The practice of artists benefitting from the work of earlier artists without paying compensation is long established and uncontentious. It is perverse and inequitable to demand that AI art compensate artists when it makes minuscule use of any artwork.
It might at least be fair if human artists were also obliged to compensate the creators they were inspired by. However, imagining how such a system would work is difficult. Any system to collect money and pay artists worldwide would inevitably be complex, contentious, and unpopular. Since we have managed without such a system until now, the argument for introducing a system is extremely weak.
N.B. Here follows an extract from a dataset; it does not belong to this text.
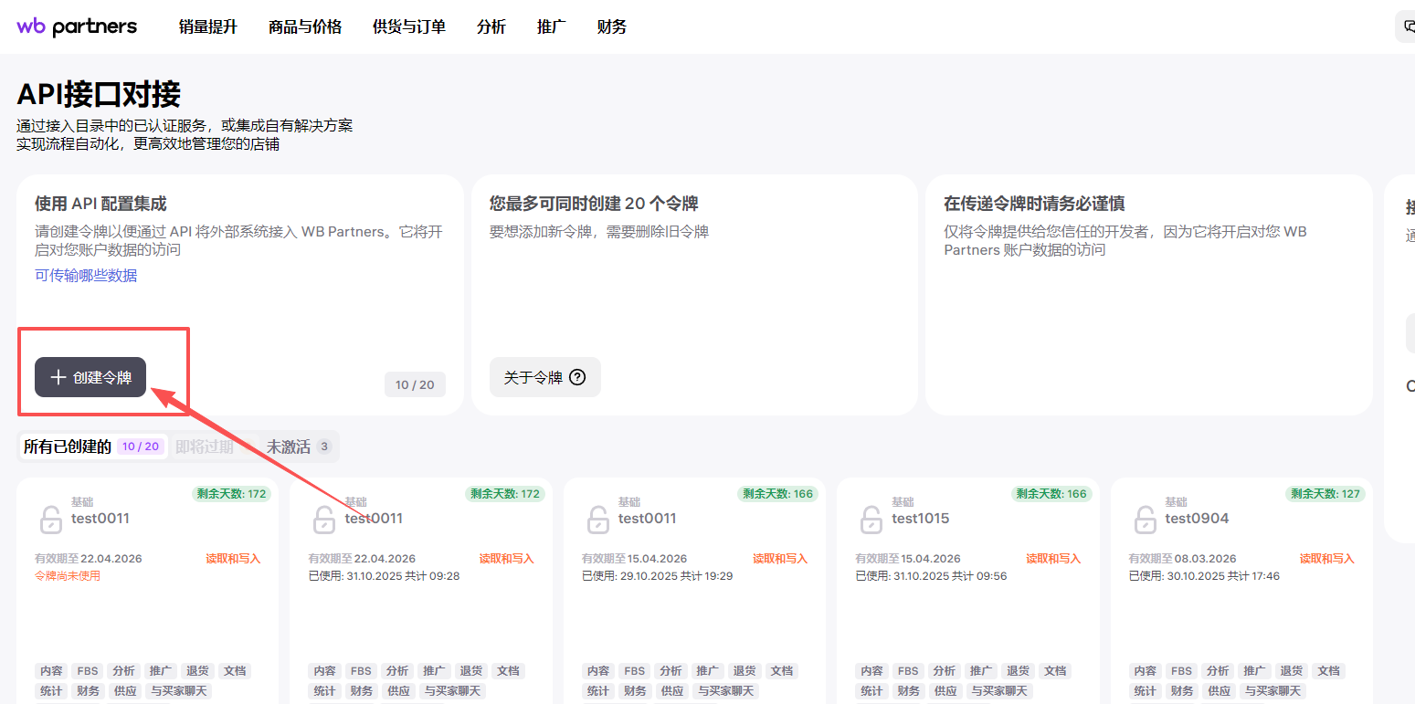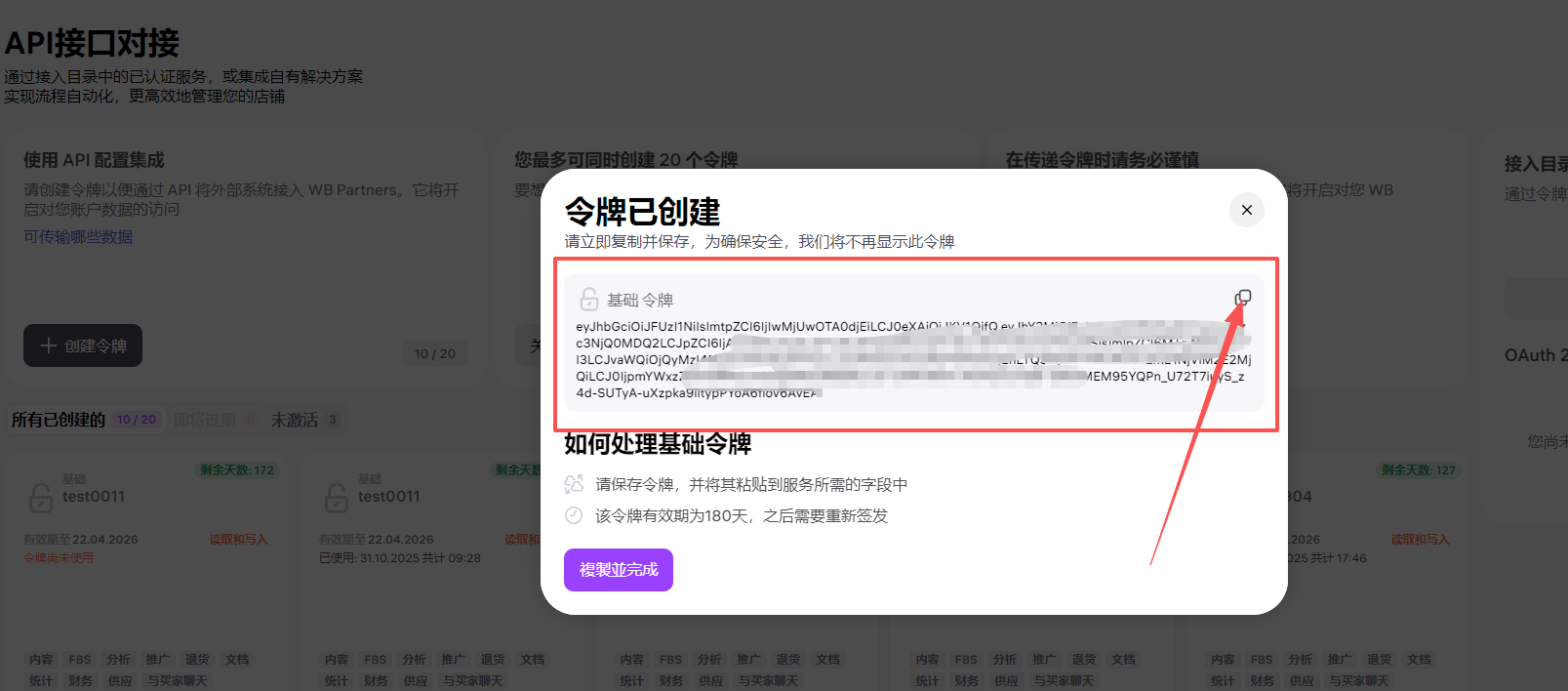 5、创建后会生成Token,点击下图箭头所示的按钮,复制下图框中的Token码,打开妙手ERP

Argument 4: "AI devalues human creativity"
Some argue that AI art tools, by making image creation more accessible, devalue the uniqueness of human artistic expression.
Why this fails: This is an argument about market impact, not theft. New technologies have repeatedly transformed creative fields, and predictions of creative apocalypse have proven wrong each time. Instead, these tools have consistently expanded creative possibilities and allowed more people to participate in artistic creation.
The value of art has never been solely about technical difficulty. We wouldn't value Rothko's color fields or Pollock's drip paintings if it were. Art's value lies in its ability to move us, challenge us, or make us see the world differently – qualities that remain relevant regardless of the tools used to create it.
Learning vs. copying
The distinction between learning and copying is often overlooked in this debate. When humans observe the world – including art – we don't make perfect internal copies. We abstract patterns, recognise relationships, and integrate what we've seen into our mental models. These models then inform our own creative outputs.
AI systems, in their computational way, follow a similar pattern. They extract statistical relationships from observed data, build abstract representations of visual concepts, and generate new outputs influenced, but not determined, by what they've "seen."
This process mirrors how human creativity has always functioned. No artist creates in a vacuum – we all build upon the accumulated cultural knowledge of those who came before us. Every artistic movement, from Renaissance painting to jazz music, emerges from this process of learning, transformation, and creation.
The path forward
The most productive path forward isn't found in misguided accusations of theft or attempts to restrict this technology. Instead, it lies in embracing AI as a new creative tool with unique capabilities and limitations.
Just as photography created new forms of visual expression without eliminating painting, AI art offers new creative possibilities without replacing human artistry. Artists who view AI as a collaborative tool rather than a threat are already creating works that wouldn't have been possible with either human or machine working alone.
Our real challenge isn't protecting existing creative practices from theft (a premise that doesn't hold up to scrutiny). Instead, it's about navigating the broader societal transformation as AI technology reshapes creative industries and virtually every domain of human activity.
How will we distribute the unprecedented productivity of this technological revolution? How will we redefine meaning and purpose when many traditional forms of work – not just in art – become automated? These questions extend beyond art and demand sophisticated social solutions, not technological retreat.
Conclusion
AI art isn't theft – it's the latest chapter in humanity's ongoing exploration of creative expression. Like photography before it, it will ultimately be judged not by the controversies of its early days but by the new forms of beauty and meaning it enables us to create.
As an AI artist, I create with confidence that my work stands on solid ethical ground. I use these tools to extend human creativity, not to replace or devalue it. The result is a new form of collaborative creation that honours a rich tradition.